Gamesys expects to beat projections after “outstanding” 2020
The operator said that following the merger between JPJ Group, the owner of the Jackpotjoy brand, and the legacy Gamesys business in 2019, the integration of operations progressed as expected in 2020.
This, Gamesys said, was despite the business facing “unprecedented challenges” as a result of the novel coronavirus (Covid-19) pandemic, which impacted its operations for the majority of the past year.
Gamesys added that much of its success in 2020 was down to its intensified focus on responsible gambling, as well as prioritising the health and wellbeing of both its players and employees.
This included the group halting all non-targeted customer marketing, including television and radio advertising, during the first Covid-19 lockdown in the UK in March 2020.
As such, Gamesys said revenue for the 2020 financial year, along with adjusted earnings before interest, tax, depreciation and amortisation (EBITDA) will be above or at the upper end of market expectations for the 12-month period.

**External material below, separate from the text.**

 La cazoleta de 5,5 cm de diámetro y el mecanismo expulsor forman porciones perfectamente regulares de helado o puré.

“Against the backdrop of a global pandemic, our relentless focus on the sustainability of our revenue streams, coupled with ensuring player and staff wellbeing, has positioned us well to carry our considerable forward-momentum into 2021,” Gamesys chief executive Lee Fenton (pictured) said.

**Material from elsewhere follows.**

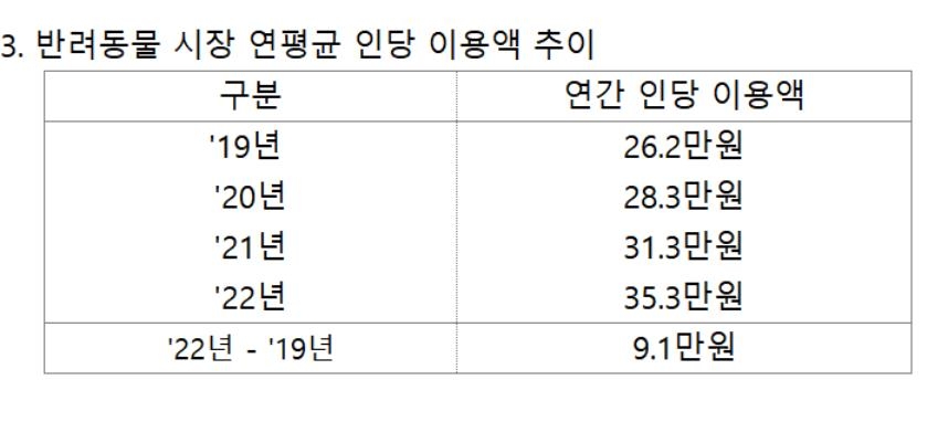 | ▲ 반려동물 시장 연평균 인당 이용액 추이 [신한카드 빅데이터연구소 제공] |

“We maintained strong and sustainable growth during 2020; a period in which we completed the integration of our enlarged group, entertained record numbers of active players, and significantly enhanced our propositions and technology platforms.”

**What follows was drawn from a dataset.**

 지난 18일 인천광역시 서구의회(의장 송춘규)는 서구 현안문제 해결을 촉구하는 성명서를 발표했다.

Fenton also pointed out Gamesys was able to push ahead with its inaugural dividend in 2020, with shareholders being paid in October.
“As we enter 2021, we are in a strong position to continue to deliver growth in the business and create value for our shareholders,” Fenton added.
Gamesys counts the likes of Jackpotjoy , Virgin Games, Botemania, Vera&John, Heart Bingo, Monopoly Casino and Rainbow Riches Casino among its operating brands.